The important point to remember is to titrate to effect, he said. This means that the patient's feet and hands should get warmer, his blood pressure should come up, his heart rate should go down, and his capillary refill time should be more normal – although not necessarily faster or slower because some kids have a really brisk capillary refill rate, he said. Clinicians also should titrate to symptoms, which involves feeling a patient's liver.

“If you're giving fluids to the point you're getting hepatomegaly, then you've probably reached your fluid limit for that patient,” Dr. McLaughlin said. “If you're getting more tachycardia as you give more fluids, that should cause you to pause and … shift your therapy.”

Various inotropes can be used for septic shock, and Dr. McLaughlin recommended that clinicians use the one they are most familiar with. In the general pediatric population, that typically means starting out with dopamine and epinephrine, he said, adding that dobutamine and milrinone “could get you into trouble.”

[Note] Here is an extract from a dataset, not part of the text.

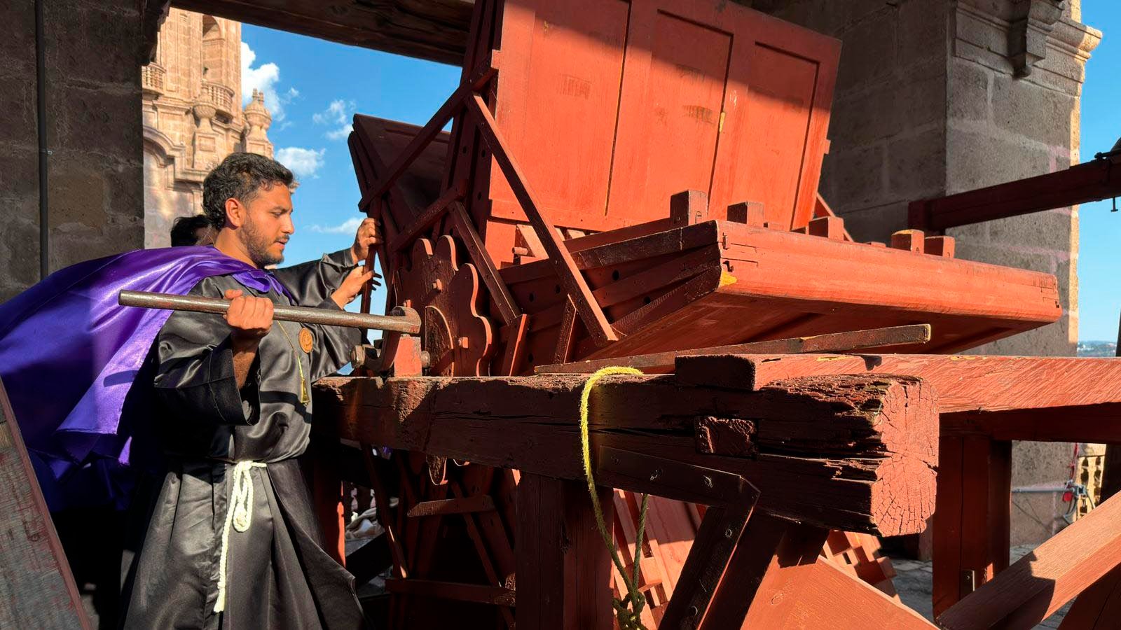 Morelia, Michoacán, 3 de abril de 2026.- La matraca monumental de Morelia, única en funcionamiento en México, acompañará este viernes la edición 50 de la Procesión del Silencio, una de las celebraciones más representativas de la Semana Santa en el país.

Antibiotic therapy should address the specific epidemiology of the patient population: ceftriaxone for community-acquired pediatric sepsis; ampicillin with gentamicin or cefotaxime, or cefotaxime for neonates; and ceftazidime with or without vancomycin for patients with neutropenia and central venous access.

“What I see too many times is that patients get assessed, plans get started, and then for an hour and a half no one's gone back to look at that kid again,” Dr. McLaughlin said. “That's not okay. You have to stay on top of these kids because time matters. An hour matters.”

He observed that hospitalists are in a unique position to affect sepsis outcomes because they have early access to patients. He also pointed out that 50% of patients with sepsis have chronic disease, SIRS is present in 7% of hospitalized patients, and sepsis is a quality indicator.